Cuando amaneció el día señalado, los cristianos marcharon en procesión hacia la arena del circo romano. Pero como si desfilaran hacia al cielo y no hacia las fieras, sus rostros estaban iluminados por la alegría.
La gente se apiñaba en las calles para verlos pasar, pero, sorprendentemente, sin el jolgorio típico de los espectáculos callejeros. Esta vez, ningún niño lanzó verduras podridas ni se oyó ningún insulto. Los romanos se sentían intigrados, incluso temerosos, de aquellos excéntricos que adoraban a un hombre ajusticiado en una cruz.
Aquella mañana, en el recorrido que conducía al circo, sólo se oía el cobarde murmullo del pueblo hablando por lo bajo.
Por fin, la comitiva llegó al imponente Coliseo. Dentro les esperaban unos funcionarios que les cubrieron de pieles de conejo sangrantes para excitar a los perros que les devorarían más tarde.
De esa guisa salió el grupo a la arena. Los gritos estallaron entre la masa hambrienta del espectáculo de la muerte. Fieros canes aguardaban babeando en tres extremos equidistantes del ruedo. Entre el bullicio, un grupo numeroso de espectadores empezó a corear: "¡Muerte a los paganos! ¡Muerte a los paganos!". Era un cántico parecido al de los modernos estadios de fútbol. La palabra "pagano" se refería obviamente a los cristianos, que despreciaban a la vasta colección de dioses romanos.
Los condenados, entre los que también había niños con los pies encadenados, se dirigieron al centro del coso, como les habían ordenado. En sus posiciones, los perros tiraban de las correas, ansiosos por alimentarse.

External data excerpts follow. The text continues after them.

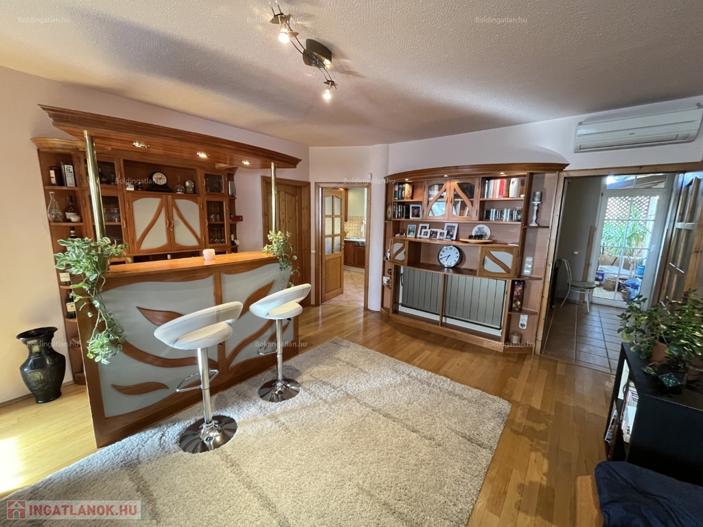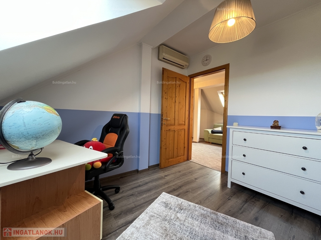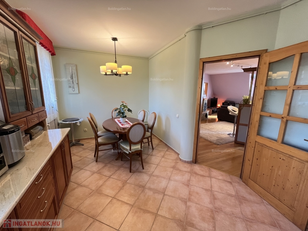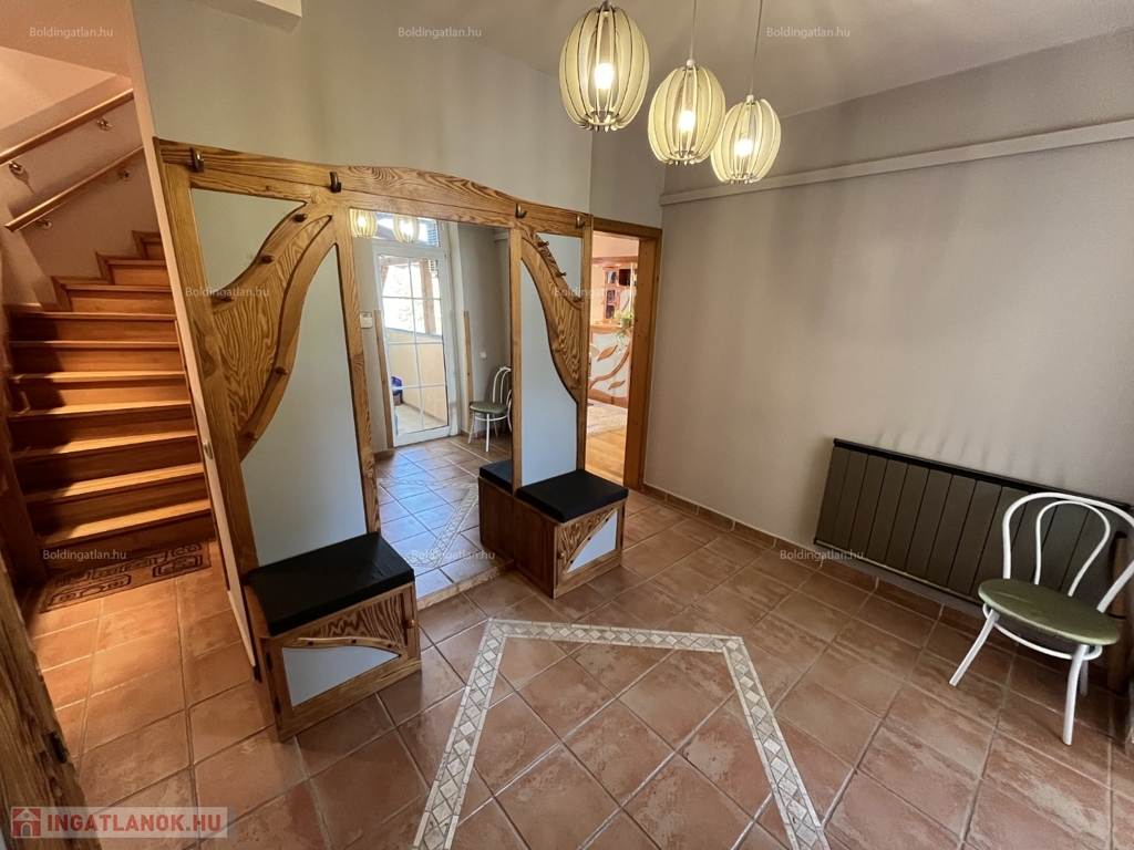 Kaposváron a belvárosban, - Fő utcában a kórház közelében - liftes társasház 3. emeletén lévő 135 m2-es kétszintes jó állapotú, alacsony rezsijű lakás eladó. Az alsó szinten előszoba, légkondícionált nappali - látványkandallóval, 2 félszoba, kis gardrób, étkező-konyha beépített konyhabútorral és gépekkel, fürdőszoba-zuhanyzó, nagy előszoba, kis fedett terasz, mosókonyha-wc-pissoir helyiségek találhatóak. A lakás emeleti részében kis nappali, 2 szoba - mindkettő légkondícionálóval ellátott -, fürdőszoba-wc, gardrób helyiségek vannak. A lakás fűtése - Viessmann kombi kazánnal van megoldva, a nappaliban és a felső szinten lévő 2 szobában Sanyo légkondícionáló van felszerelve, illetve riasztó is van. A lakáshoz továbbá 10.000.000.- Ft áron vásárolható a ház alatti mélygarázsban 2 db - egy kisebb és egy nagyobb személyautó részére - beállóhely, illetve tartozik hozzá egy önálló tároló is.
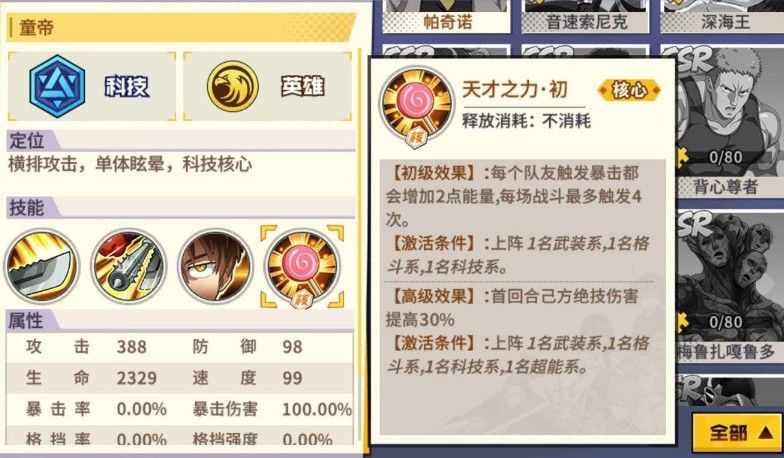 除此之外,童帝也能获得暴走效果,不过他也有自己的核心技能,不在此介绍了,而且也难抽到。。。
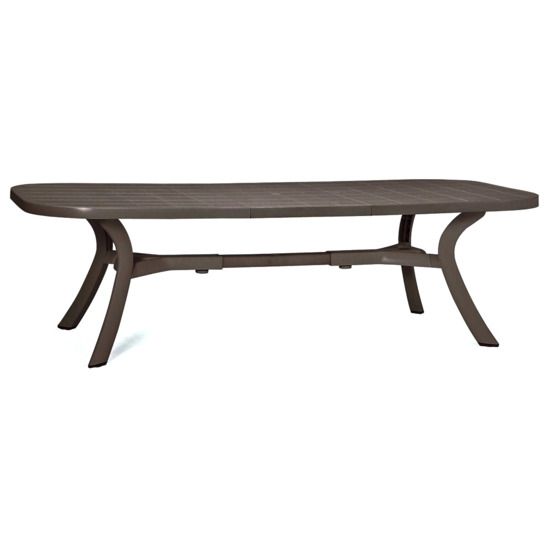 Стол из полипропилена со съемной вставной столешницей, за счет которой длина стола может варьироваться от 1920 до 2500 мм. Стол выполнен в простом цвете и строгом лаконичном стиле, предназначен для использования на улице.
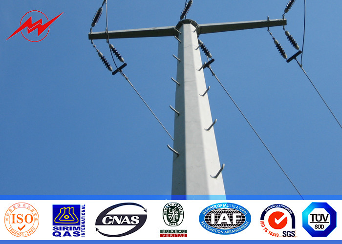 High Voltage Tapered Galvanized Steel Utility Pole 3mm Thickness With Climging Bolt
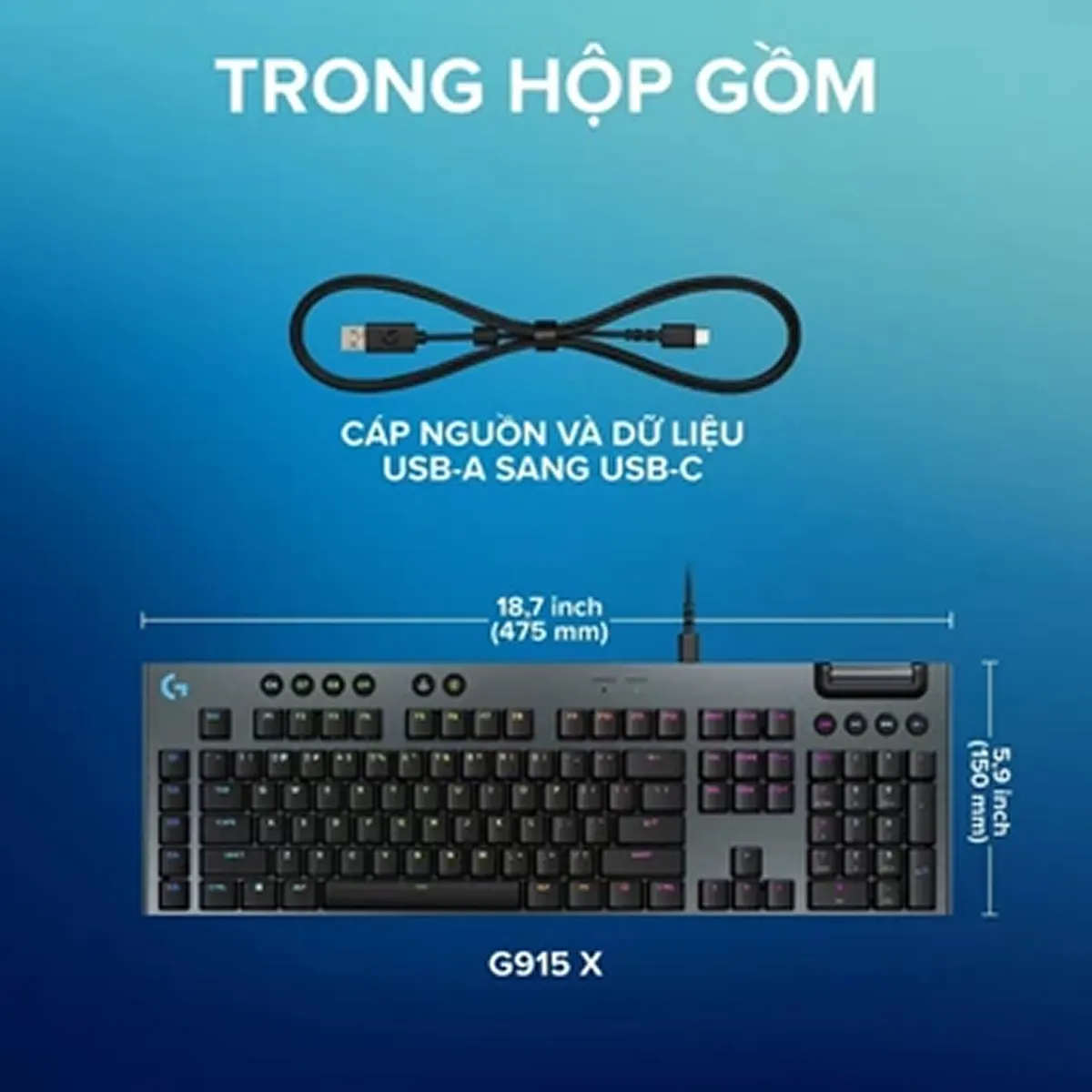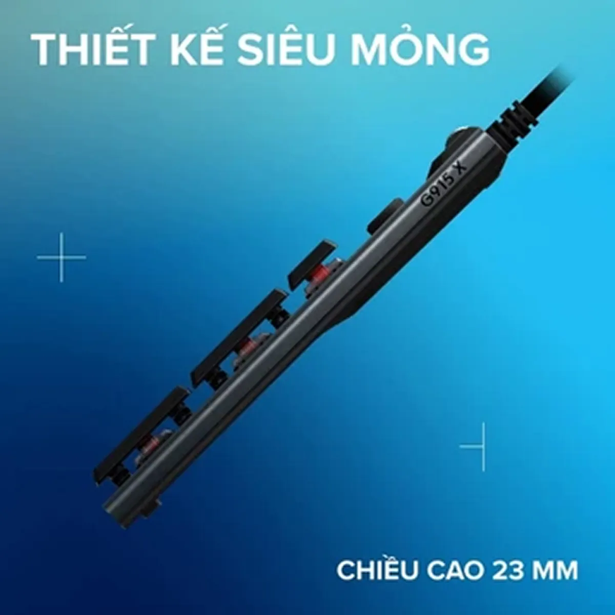 Bàn phím gaming có dây Logitech G915 X Low Profile có chiều cao chỉ 2.3cm mang tới sự đột phá trong thiết kế. Từng chi tiết được gia công tỉ mỉ với kỹ thuật chuyên môn cao và cấu trúc mỏng ấn tượng mang đến trải nghiệm thoải mái và vẻ ngoài lôi cuốn. Sản phẩm tích hợp Lightsync RGB 16.8 triệu màu cho phép người dùng tùy chỉnh ánh sáng, tạo ra trải nghiệm cá nhân hoá.
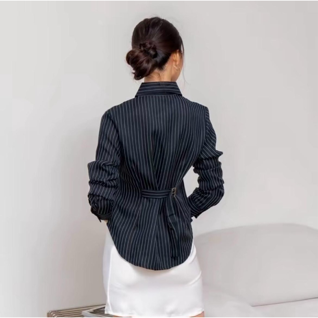 DAISY STUFF Luna Stripe Kemeja Fitted Atasan Wanita Salur Garis Garis Slim Ft Body Tali Timah Belakang Kekinian

Pero mientras los creyentes se dirigían a una muerte segura, se empezó a oír un sonido inaudito: era una melodía de voces que sonaba maravillosamente. Muchos romanos callaron para distinguirla. Se empezó a hacer el silencio y... entonces, de repente, se hizo totalmente audible: eran los propios cristianos que entonaban un cántico. ¡El gentío no daba crédito a lo que estaban presenciando! Aquella gente extraña estaba serena. Es más, sus miradas resplandecían. Algunos se abrazaban como despidiéndose, pero sin lloros ni lamentos.
El responsable de los juegos, Julio Pontio, un hombre obeso y calvo, se hallaba cobijado tras una barrera de madera. Nervioso, miró hacia el emperador y distinguió una expresión de fastidio. Enseguida hizo un gesto a los entrenadores de peroos y gritó:
-¡Soltadlos ya! ¿A qué esperáis, imbéciles?
Y a esa voz, los canes salvajes saltaron en dirección a los cristianos. En cuanto alcanzaron a sus presas, el loco rugido del pueblo encendió de nuevo el circo. Nerón y Julio Pontio respiraron aliviados. Pero el germen de la curiosidad y la admiración estaba ya plantado en la mente del pueblo. No se dejaría de hablar de los cristianos en toda la semana.